At the end of last year, General Motors, Ford and other car manufacturers he slammed on the brakes on electric vehicle production as consumer adoption lagged expectations. GM fault of lower demand for its decision to scrap plans to produce 400,000 electric vehicles by mid-2024, while Ford similarly cut production of its electric pickup truck.
Electric machinery construction, which includes EV battery plants, reached $35.2 billion by 2023, according to the Dodge Construction Network. This is approximately 47% of global manufacturing construction.
Still, despite this drop in interest from consumers and car manufacturers, economists predict that The manufacturing boom will continue in 2024with Dodge expecting a 15% increase in overall manufacturing construction.
For this reason, the construction professionals who build these plants are confident that these levels will increase this year, despite the pushback from consumers and car manufacturers.
“When you read the media coverage in the electric vehicle space, a lot of it has gotten a little heated with some negative headlines,” said Anthony Johnson, president of the industrial business unit at Clayco, a construction company based in Chicago. “But when you step back and look at this overall growth curve, I see things continuing to increase over time strongly.”

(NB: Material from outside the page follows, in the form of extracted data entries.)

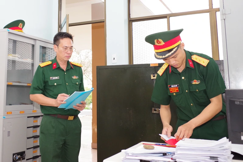 Thủ trưởng các cơ quan Quân khu kiểm tra hệ thống các văn kiện chuyển trạng thái SSCĐ tại Bộ CHQS tỉnh Đồng Nai.
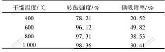 干馏温度对活性焦炭的性能影响很大。分别在400,600,800以及1000℃将褐煤干馏,然后在900 ℃用水蒸气活化,实验结果如表2所示。
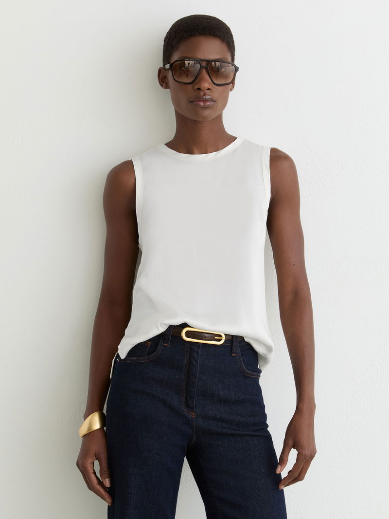 Silk-Front Jersey Vest In White
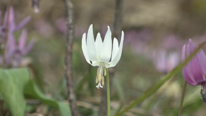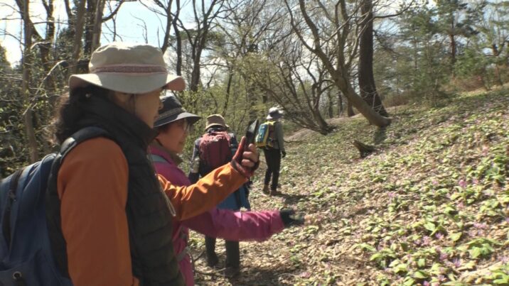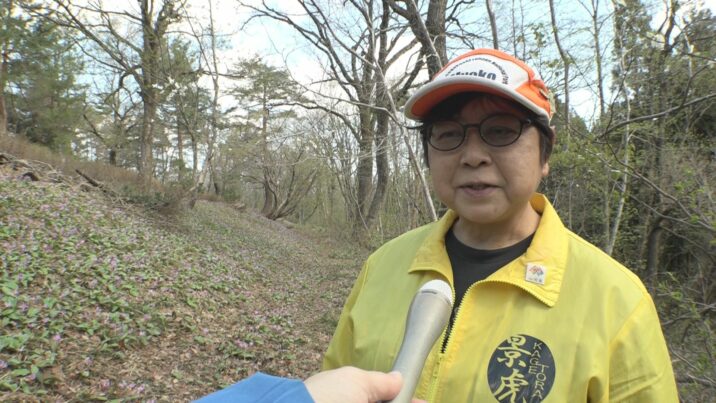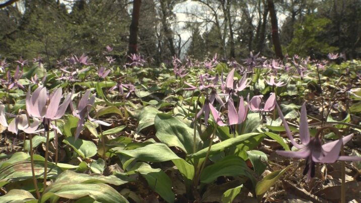 「雪解けが遅かったが例年並み。朝は花びらが閉じていて、日が当たると反り返る。それがカタクリらしさ。カタクリがきれいなのでぜひ見に来てもらいたい。白いカタクリを見つけるのも楽しいと思う」
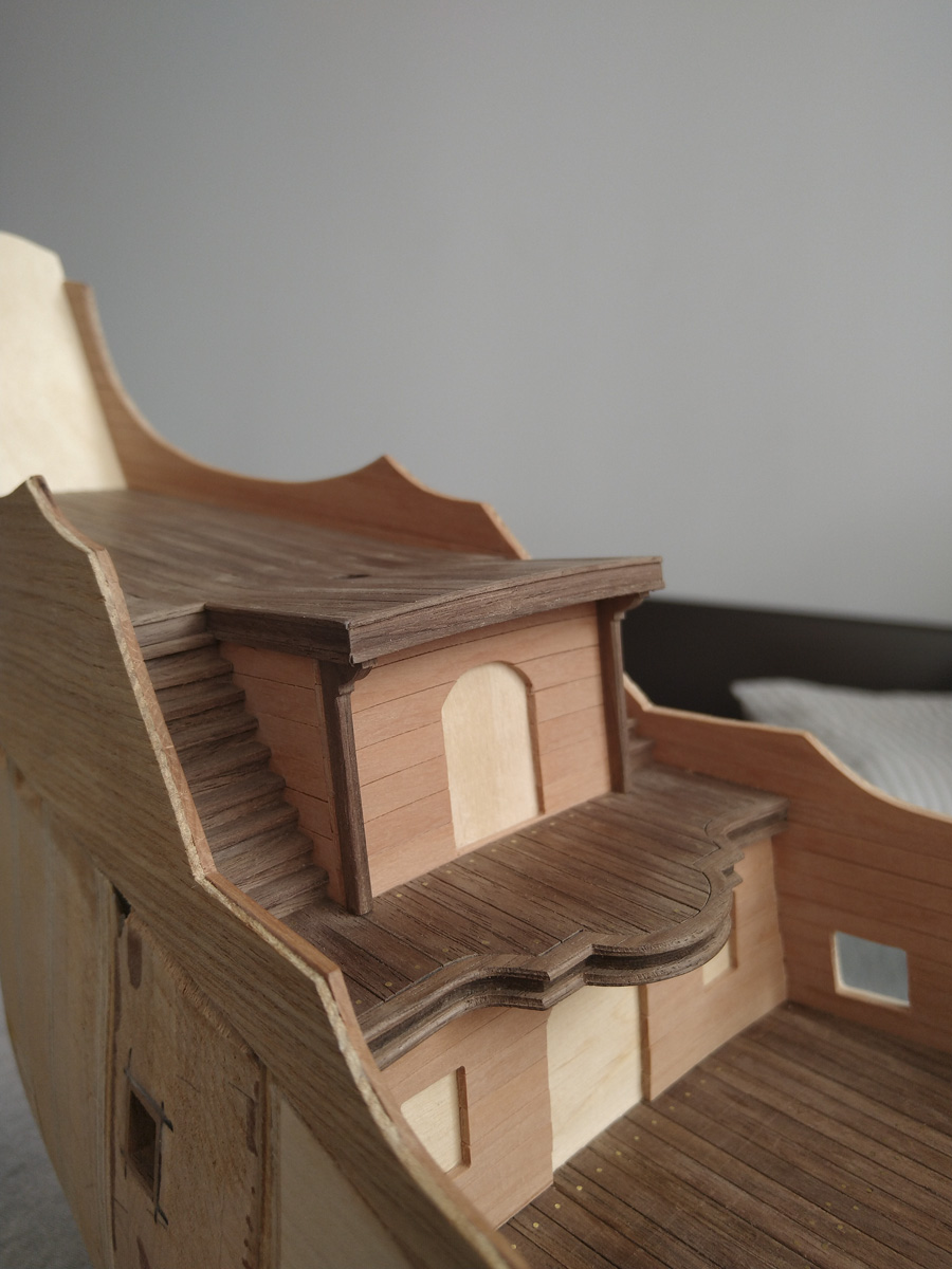 Doszły ostatnie pokłady. "Wystrugałem" też kilka nowych elementów. Kil i stewę chciałem podzielić na elementy, tak żeby nie były z jednego kawałka drewna, ale niestety nie za bardzo wiedziałem jak mam to rozrysować, zostawiłem więc te elementy uproszczone, tak jak w planach Czarnej Perły.
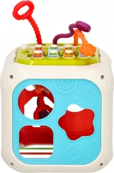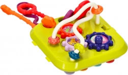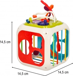 Il cubo offre molte attività che promuovono lo sviluppo sensoriale e la coordinazione occhio-mano.
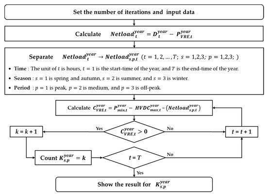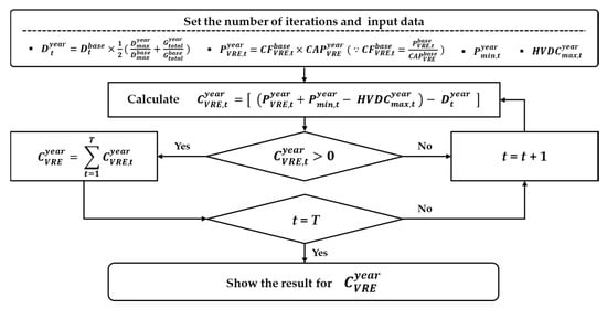 where is the total VRE curtailment for the year and is calculated only when the value of is a positive number. The total VRE curtailment for each year can be calculated as the sum of the values of for the year. Figure 2 shows a flowchart that estimates the amount of VRE curtailment based on the systematic procedure of calculating the VRE curtailment of the islanded power systems for the entire year.
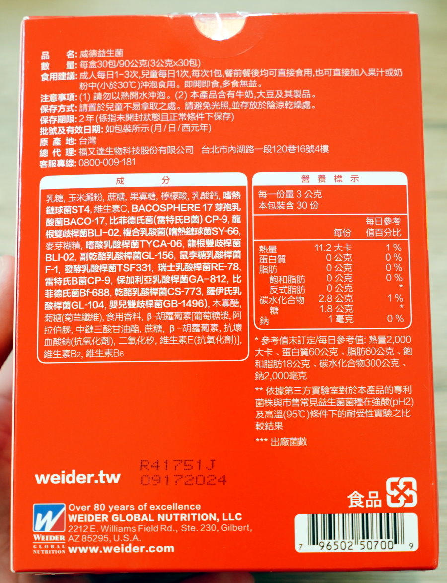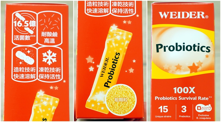 ➤威德益生菌:出廠菌數為16.5億,並非保證菌數,加上無任何臨床實驗證明,會讓人稍有疑慮;加上裡頭也有添加香料,所以扣了一些分數,不過好處是價位相當平實,算是CP值很高,有預算考量的朋友可以考慮。

Chip plants and electric vehicles are leading the manufacturing boom
Electrical machinery accounted for about 47% of manufacturing construction in 2023
US consumers bought 15.6 million vehicles in 2023, with approx 9% of these sales come from electric vehicles. General Motors expects those sales to rise at least 10% this year, according to CEO Mary Barra’s remarks during the company’s most recent earnings call.
In 2030, it is likely that the market share of new vehicles for new vehicles jump to 40%, according to forecasts from S&P Global Mobility. That demand would require about 60 billion batteries and 40 large-scale gigafactories, Johnson said.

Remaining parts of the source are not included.